Next to Inbound Rules, click Edit to configure incoming TCP and UDP
traffic rules.
In the drop-down menu under Type, select:
Custom TCP to manually configure a rule to allow incoming TCP traffic.
Custom UDP to manually configure a rule to allow incoming UDP traffic.
HTTPS to automatically configure a rule to allow incoming HTTPS traffic.
SSH to automatically configure a rule to allow incoming SSH traffic.
All TCP to automatically configure a rule to allow all incoming TCP traffic.

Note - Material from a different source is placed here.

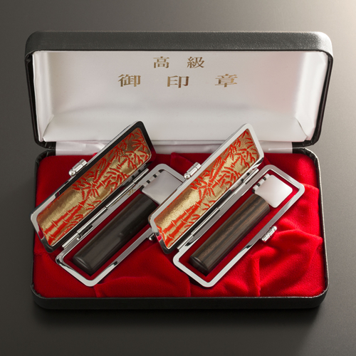 | 商品名称 | 個人印鑑黒檀2本コンパクトセット(もみ革ケース) アタリ有無選択可 |

All UDP to automatically configure a rule to allow all incoming UDP traffic.
Warning
If you don’t have a rule to allow incoming traffic to port TCP/22, you
won’t be able to access your instances using SSH.
In the Source field, either:
Click the 🔎 to automatically enter your current IP address.
Enter a single IP address, for example, 203.0.113.1.
Enter an IP address range in CIDR notation, for example,
203.0.113.0/24.
To allow incoming traffic from any source, enter 0.0.0.0/0.
If you choose Custom TCP or Custom UDP, enter a Port range.
Port range can be:
A single port, for example, 8080.
A range of ports, for example, 8080-8081.
(Optional) Enter a Description for the rule.
(Optional) Click Add rule to add additional rules.
(Optional) Click the x next
to any rule you want to delete.
Click Update to apply your changes.
15 - How do I get started using the Team feature?
Create a team
In the dashboard, click Team at the bottom-left of the dashboard. Then,
click Invite at the top-right of the Team dashboard.
Enter the email address of the person you want to invite to your team.
Select their role in the team, either an Admin or a Member. Then,
click Send invitation.
Warning
Be sure to invite only trusted persons to your team!
Currently, the only differences between the Admin and Member roles are
that an Admin can:
Invite others to the team.
Remove others from the team.
Modify payment information.
Change the team name.
This means that a person with a Member role can, for example:
Launch instances that will incur charges.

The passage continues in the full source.